(Raw data begins)

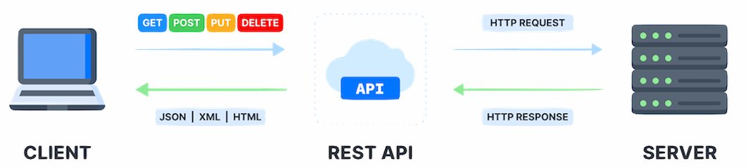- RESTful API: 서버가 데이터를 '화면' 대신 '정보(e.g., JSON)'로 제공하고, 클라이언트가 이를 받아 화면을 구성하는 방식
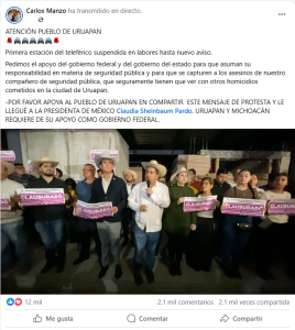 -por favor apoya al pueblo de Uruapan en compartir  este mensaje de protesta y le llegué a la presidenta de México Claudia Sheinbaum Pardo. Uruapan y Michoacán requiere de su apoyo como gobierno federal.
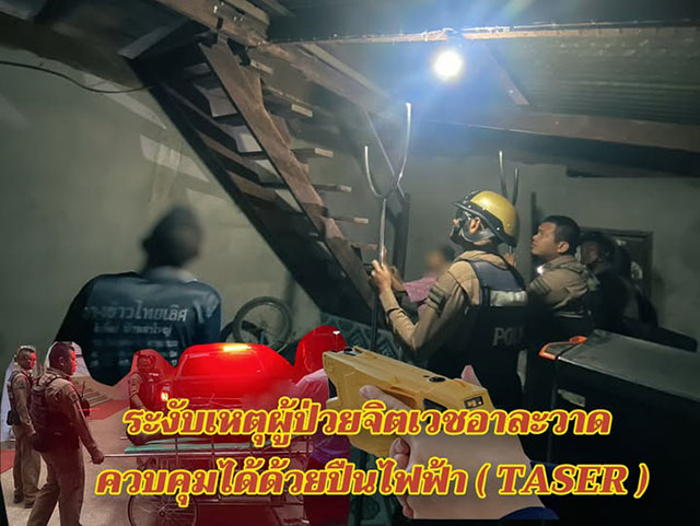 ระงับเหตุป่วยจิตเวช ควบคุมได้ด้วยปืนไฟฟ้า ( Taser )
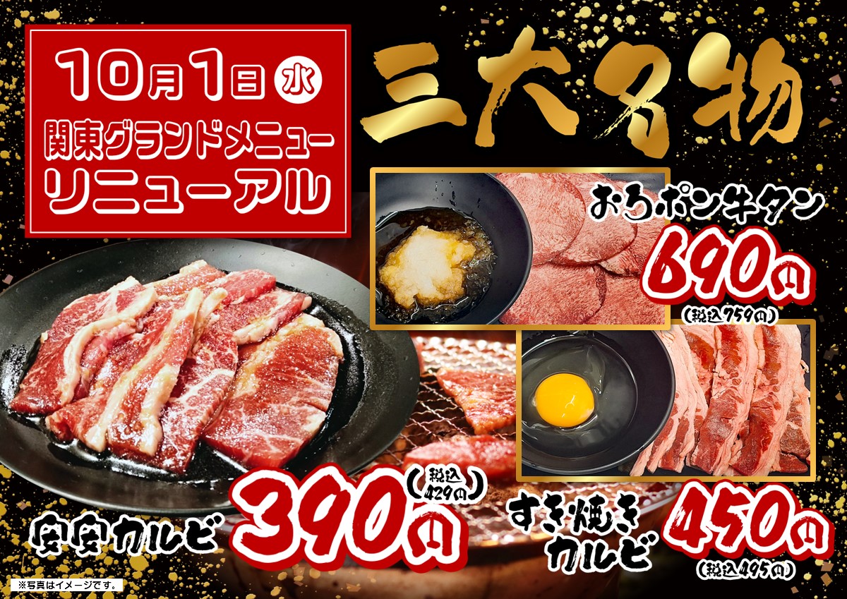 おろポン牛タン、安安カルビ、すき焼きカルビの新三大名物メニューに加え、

(Raw data ends)
(Raw data begins)

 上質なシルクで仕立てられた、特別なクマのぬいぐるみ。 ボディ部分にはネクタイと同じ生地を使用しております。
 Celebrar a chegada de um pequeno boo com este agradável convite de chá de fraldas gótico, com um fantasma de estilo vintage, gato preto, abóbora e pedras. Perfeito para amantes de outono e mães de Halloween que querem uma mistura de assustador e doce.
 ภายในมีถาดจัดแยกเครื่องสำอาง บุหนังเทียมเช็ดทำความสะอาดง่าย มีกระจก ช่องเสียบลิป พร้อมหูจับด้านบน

(Raw data ends)

Problem statement:
Above this task is a listing. Restate, word for word and with nothing added, the lines from the one with "Celebrar a chegada" through the one with "มีกระจก ช่องเสียบลิป พร้อมหูจับด้านบน".

Answer for the task:
 Celebrar a chegada de um pequeno boo com este agradável convite de chá de fraldas gótico, com um fantasma de estilo vintage, gato preto, abóbora e pedras. Perfeito para amantes de outono e mães de Halloween que querem uma mistura de assustador e doce.
 ภายในมีถาดจัดแยกเครื่องสำอาง บุหนังเทียมเช็ดทำความสะอาดง่าย มีกระจก ช่องเสียบลิป พร้อมหูจับด้านบน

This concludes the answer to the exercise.